Kroger is turning a routine grocery run into something closer to a wine outing, rolling out a new in-store wine-shop concept with tasting bars in 147 locations across the country. Instead of just grabbing a bottle from a shelf, shoppers will find curated wine assortments and guided tastings inside their neighborhood stores. The Cincinnati-based grocer announced the expansion on July 8, 2026.
As reported by the Cincinnati Business Courier, Kroger pinpointed nearly 150 stores where customers specifically asked for a stronger wine selection and is rolling out dedicated wine shops with tasting bars in 147 of those locations. According to the Courier, each counter will be staffed with trained wine stewards who can pour samples, walk customers through tastings and help match bottles to dinner plans.

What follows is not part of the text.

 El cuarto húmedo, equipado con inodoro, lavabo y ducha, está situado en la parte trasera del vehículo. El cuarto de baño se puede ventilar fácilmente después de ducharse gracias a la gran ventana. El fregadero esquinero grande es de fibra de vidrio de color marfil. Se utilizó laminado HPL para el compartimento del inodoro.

What the Shops Will Look Like
The setups pair expanded, curated wine displays with compact tasting bars where beverage stewards host samplings and field pairing questions. Kroger has experimented with tastings and on-premise programs before and puts many of its stewards through recognized industry coursework, according to Market Watch, which notes the company’s beverage-steward program and certification efforts.
A Bigger Play for Store Experience
The new wine counters are part of a broader push to upgrade Kroger stores and expand its large-format Marketplace locations in a bid to lift both sales and margins. Industry coverage and company filings indicate that Kroger is prioritizing store investment and has signaled multibillion-dollar capital plans for this year, according to Grocery Dive and Kroger’s own investor materials.

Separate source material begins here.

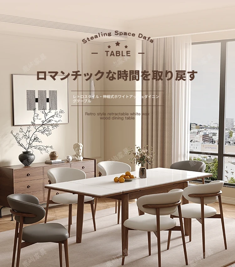 1.2メートル伸縮1.8メートルデリフォン岩板ダイニングテーブル+6椅子 【ホワイトアッシュ木フレーム+全面無垢材底板】

Why Brands Are Paying Attention
For premium and indie wine labels, where a bottle lands on a shelf can make or break sales, and more suppliers are pushing deeper into grocery. Recent moves, such as organic wine maker Avaline expanding nationally into Kroger divisions, show why producers are chasing Kroger placements and in-store discovery moments, according to BevNET.
Rules, Formats and What Shoppers Should Know
Not every Kroger location will be pouring wine by the glass. On-premise tastings and in-store drinking are tightly governed by state and local rules, so what customers see will vary by market. In many states, Kroger also runs standalone liquor locations and lists nearly 400 liquor-store sites on its store pages, which is where the deeper spirits assortment lives in markets that require separate outlets. Shoppers can check Kroger’s store listings for specifics.
The chain’s tasting strategy blends that patchwork of liquor laws with more experience-focused wine shelving and trained staff meant to make choosing a bottle less intimidating. Kroger told the Cincinnati Business Courier it picked locations based on customer feedback and demand, and that the rollout is meant to deliver a more curated wine experience where shoppers were asking for it.